Pedro Morales dead at 76


Pedro Morales, the energetic Puerto Rican star who rose to become WWWF World champion from 1971 to 1973, has died. He was 76. The news was first reported by Hugo Savinovich on his Facebook page.

He was one of the biggest drawing cards in the wrestling business in the 1960s and 1970s.

“He was a great talent,” raved The Destroyer (Dick Beyer). “Everything you wanted him to do, he could do. We never had a bad match, that’s what I liked about working with Pedro. You could go in the ring, you could go 20 minutes, 30 minutes, an hour, and you could do it with Pedro.”

It would be wrong to say that Morales only appealed to the Hispanic market. Writer Jackson Pokress tried to capture Morales’ magic in a piece titled “Morales – Hero – Champion – Idol …”

“The fans turned out first out of curiosity, and then returned because Morales is not only exciting to watch, but he is a highly skilled wrestler who makes up in ability and speed what he may lack in strength and power.

“The cities with their large Puerto Rican and Spanish populations have, of course, taken Morales to their hearts. He is the idol they have been looking for in a sport where they are among the greatest rooters. But even in towns and cities where Pedro doesn’t enjoy a large and vocal following he has become a fan favorite.”

The 5-foot-11, 240-pound Morales was born on the tiny island of Culebra, October 22, 1942. The island housed an American navy base and was governed by Puerto Rico.
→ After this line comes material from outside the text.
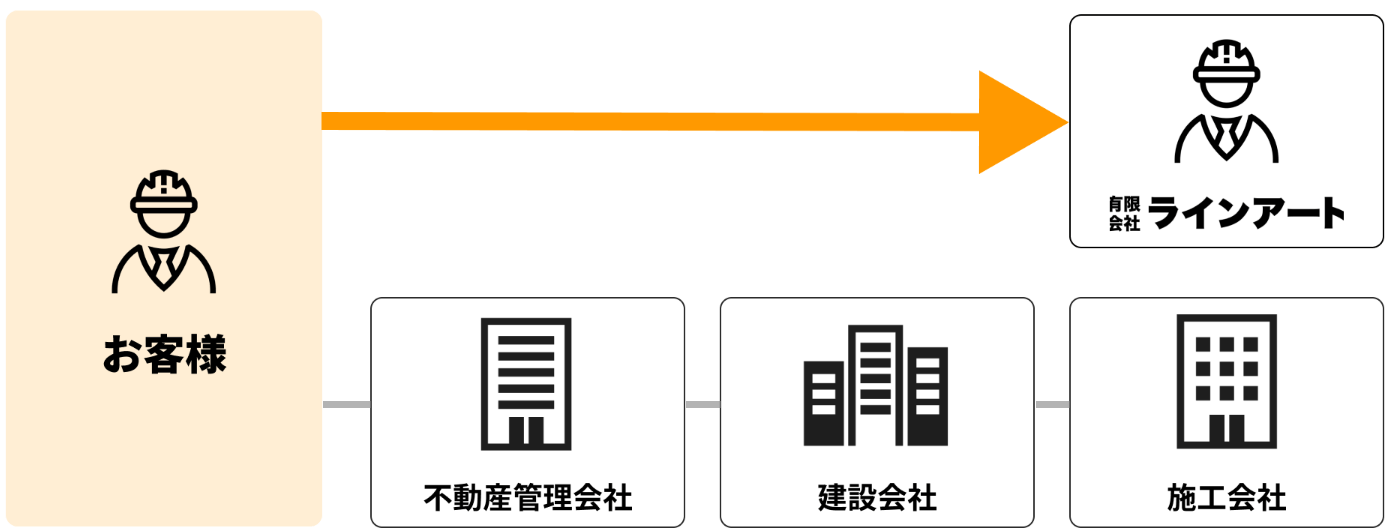 ラインアートでは仲介会社を介さず、直接施工を行うため、中間マージンが一切発生しません。そのため、余分なコストを抑えつつ、高品質なサービスをお届けすることが可能です。通常、仲介業者が入ることで見積もり金額が増加しがちですが、当社ではお客様に直接ご依頼いただくことで、コストパフォーマンスを最大限に高めた価格設定を実現しています。

He was an accomplished baseball player growing up, but a move to Brooklyn, NY, as a teen changed a potential career path.

His first professional match came in 1958 at the Sunnyside Gardens in Queens, and his father had to sign some paperwork to allow him to fight.

Though he was in some solid mid-card programs, often teaming with Miguel Perez or Argentina Apollo, it became apparent that he wasn’t going to go very far in the northeast, and headed out to get seasoning. In Amarillo and the Pacific Northwest, he was Johnny Como for a decent stretch, but in Hawaii, he worked under his real name.

“I think that was one of the best places, because I loved the beach,” Morales said of Hawaii, where they wrestled only three or four times a week. “I was born and raised on the ocean, on the island of Culebra. Culebra is only 28 square miles. My grandfather had a big sailboat, and could fit 25 head of cattle inside. I grew up in Culebra in a place right on the ocean. … Before I came to the United States, I was in the ocean all the time. I loved the ocean.”

In California, though, he became a star.

The WWA World title found its way to his waist in March 1965. The Long Beach Independent Press-Telegram talked to him just before he knocked off The Destroyer for the belt.